Сивилла, наверное, тоже не заботилась вовсе о стиле.
Ведические певцы вряд ли правили свои гимны.
Лирники украинские не брали в расчёт пунктуацию.
Орфею и в голову не приходило работать над текстом с редактором.
Вспомним Хлебникова – «и так далее…»
Следует учитывать громадное воздействие стихов его на людей, особенно при чтении их самим поэтом, впадающим в транс, причитающим, плачущим, кличущим, вещающим, – да и при чтении текстов с листа, когда работает их поле, – чрезвычайно сильное.
Губанов не только сам обладал мощной энергетикой, но и обострённо-чутко воспринимал все приходящие к нему извне «сигналы» времени и пространства.
Был проводником между высшей силой, руководящей его творчеством, и своими слушателями или читателями.
Не зря сказано: на всё воля Божья.
Губанов и был выразителем воли Божьей.
Делал это, как умел. Не всегда осознанно. Потому что в состоянии транса сознание спит, а бессознательное создаёт образы. Сказанные и записанные в таком состоянии слова – не результат лабораторно-дотошной работы, но – озарение, ясновидение, пророчество.
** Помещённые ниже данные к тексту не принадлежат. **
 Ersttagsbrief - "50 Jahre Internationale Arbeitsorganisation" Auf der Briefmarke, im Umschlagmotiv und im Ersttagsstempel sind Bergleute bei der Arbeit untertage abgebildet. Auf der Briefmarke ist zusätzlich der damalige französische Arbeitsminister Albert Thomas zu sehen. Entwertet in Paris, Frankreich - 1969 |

Абсолютно всё, что предсказывал Губанов, с Россией уже произошло. И происходит дальше.
По счастью, в лавине трагизма брезжит спасительное, отзывающееся не лживым современным практицизмом, а несокрушимым ведическим разумом «всё впереди».
Лёня, Лёнечка! Лёнька. Губаныч.
Заводила, упрямец, страдалец.
Я ещё расскажу о тебе.
А пока что оставайся на старом нашем снимке – молодым, в луче своей ранней и горькой славы.
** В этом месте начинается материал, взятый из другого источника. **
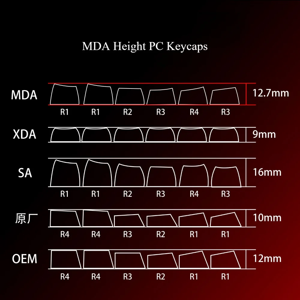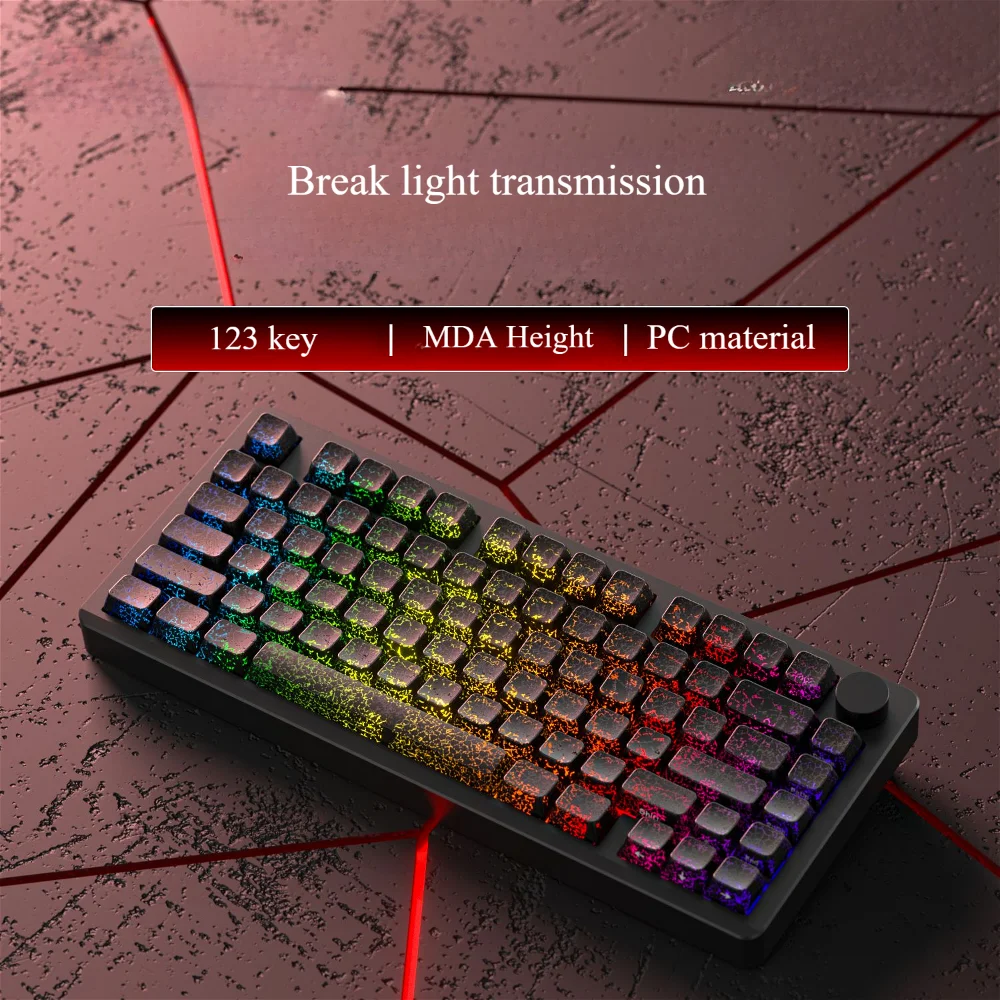 Comprar Teclas personalizadas agrietadas para PC, 123 teclas, teclas translúcidas con grabado lateral MDA para teclado mecánico 60/64/84/98/108, interruptor MX

Смотри и с фотографий начала семидесятых – уже другим, изменившимся, намаявшимся, набравшимся житейского опыта и не желающим сходить с дистанции; оставайся и на них – поскольку предстоит тебе ещё столькое пережить и столькое сказать, чтобы оставить всем нам свой образ времени.
Оставайся в стихах своих – навсегда.
– И сгорев, мы воскресаем Вознесенья вешним днём. Небо с синими глазами в сердце плещется моём.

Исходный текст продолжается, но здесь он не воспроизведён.